How to move the title from one column to another?? (web scraping-python)

Question

How to move the title from one column to another?? (web scraping-python)

Asked 5 years ago

Viewed 53 times

0

I’m trying to make a web scraping, but if you view the site you notice that certain titles are on certain columns. What my program does is take the table, create two full columns of Nan and assign them a column title from the first effective column of the site. What could be wrong??? It seems that it jumps 2 columns, fills with the data and only then starts in the right way.
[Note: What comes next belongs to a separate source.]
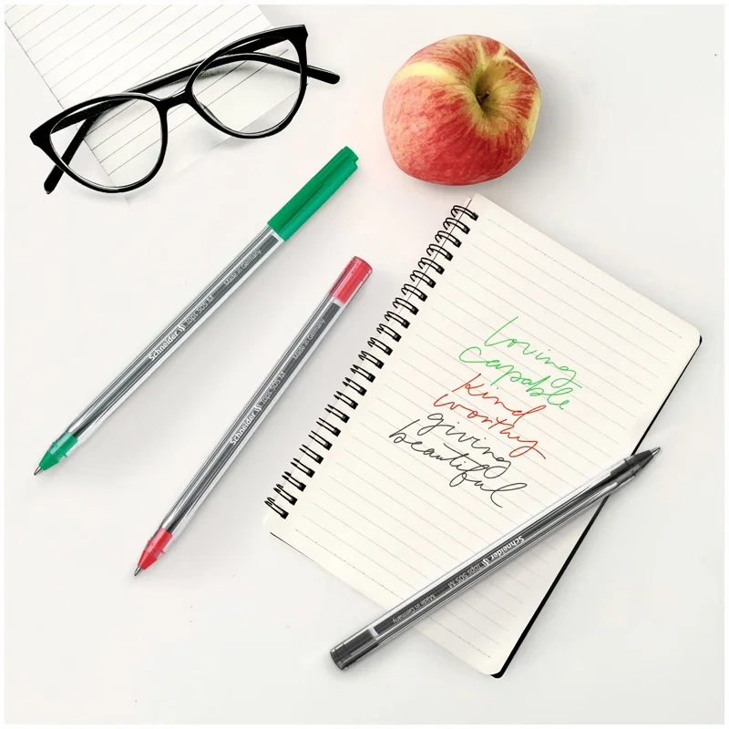 Письменные принадлежности Schneider разрабатываются и производятся только в Германии, их отличают функциональный дизайн, безупречное качество, надежность и экологичность. Пластиковый дисплей содержит шариковые ручки следующих цветов: толщина линии F - 25 синих, 15 черных, 10 красных, толщина линии M - 80 синих, 30 черных, 20 красных, 10 зеленых. Одноразовые шариковые ручки Tops 505 пишут в 2 раза дольше других хороших ручек. Длина непрерывной линии - до 3 500/4 000 метров в зависимости от толщины линии письма. Сделано в Германии!
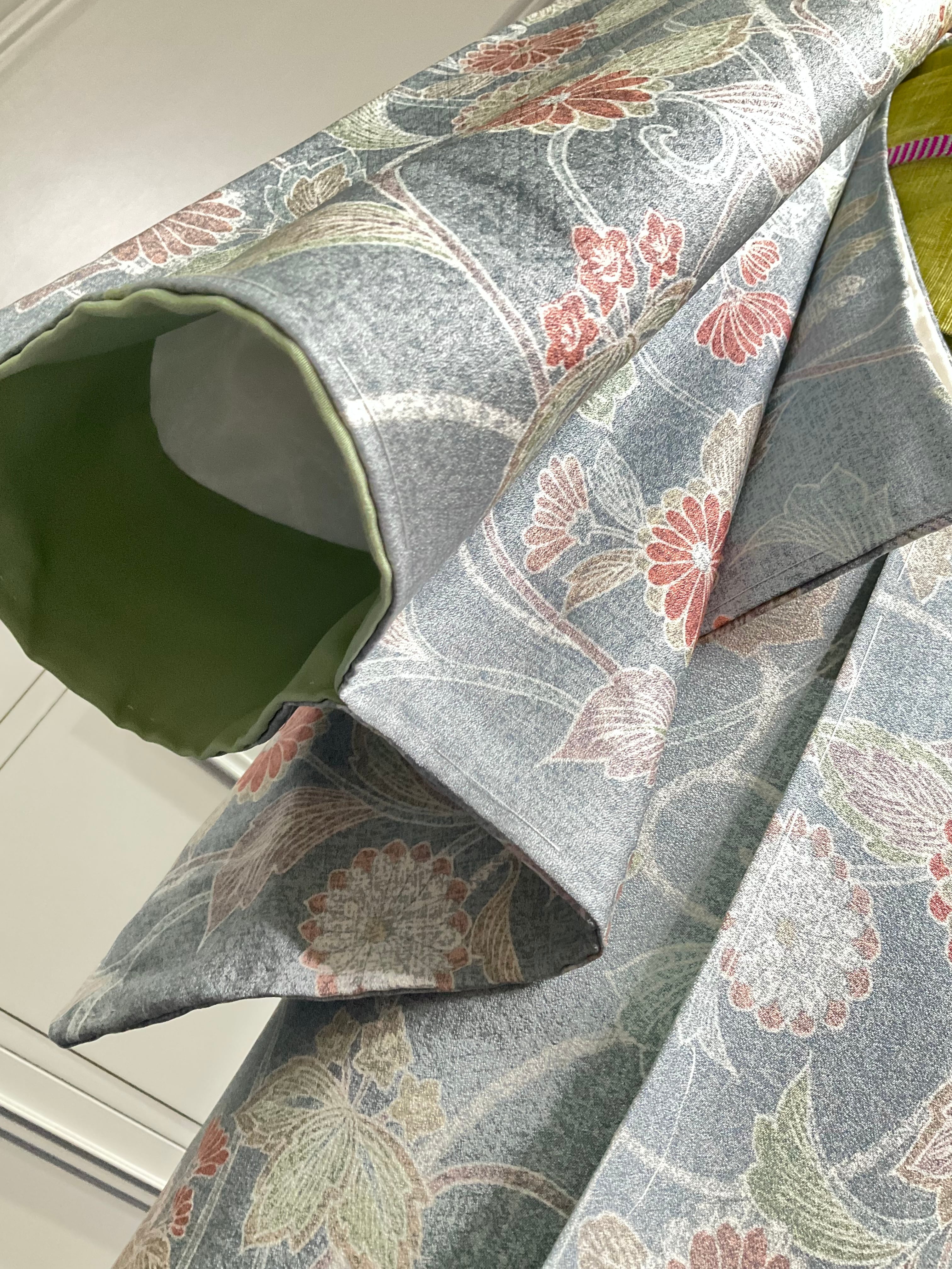 地色のブルーグレー系のお色味は、光の当たり具合によっては、グレーっぽくも見えますが、薄いデニムのブルーのような色合いに近いかと思います。

I need the first title to go to the third column, the second to the fourth, the third to the fifth and so on.

How it should look:

How does it look:

import pandas as pd
import lxml
import html5lib
from bs4 import BeautifulSoup
from pandas import DataFrame
import numpy as np
from selenium import webdriver
from selenium.webdriver.firefox.options import Options

url = "https://www.sunoresearch.com.br/acoes/itsa4/"

option = Options()
option.headless = True
driver = webdriver.Firefox()

driver.get(url)
time.sleep(10)

driver.find_element_by_xpath('//*[@id="demonstratives"]/div[2]/div[1]/div[1]/ng-select/div').click()
driver.find_element_by_xpath('//*[@id="demonstratives"]/div[2]/div[1]/div[1]/ng-select/div/ul/li[2]').click()
driver.find_element_by_xpath('//*[@id="demonstratives"]/div[2]/div[1]/div[2]/ng-select/div').click()
driver.find_element_by_xpath('//*[@id="demonstratives"]/div[2]/div[1]/div[2]/ng-select/div/ul/li[4]').click()
driver.find_element_by_xpath('//*[@id="demonstratives"]/div[2]/div[2]/div/button[2]').click()
element = driver.find_element_by_xpath('//*[@id="demonstratives"]/div[3]/div[2]')
html_content = element.get_attribute('outerHTML')

soup = BeautifulSoup(html_content, 'html.parser')
table = soup.find(name='table')

df_full = pd.read_html(str(table))[0]
pd.set_option('display.max_columns', None)
print(df_full)

driver.quit()

1 answer

Browser other questions tagged python pandas selenium-webdriver web-scraping beautifulsoup

You are not signed in. Login or sign up in order to post.

by gabriel pereira • 1 point · Answer 1 · 2020-08-09T02:17:52+00:00

Bro, I would recommend you drop these columns, because this df_full is a data frame pandas you can use the command,

df_full = df_full.drop(labels = ["Descrição", "1T2020"], axis = 1])

Ai following this old column name reasoning (old_column_name) for new column name (new_column_name), as in the example below,

df.rename({"old_column_name1":"new_column_name1","old_column_name2":"new_column_name2"}).

This if the problem is just renaming the columns.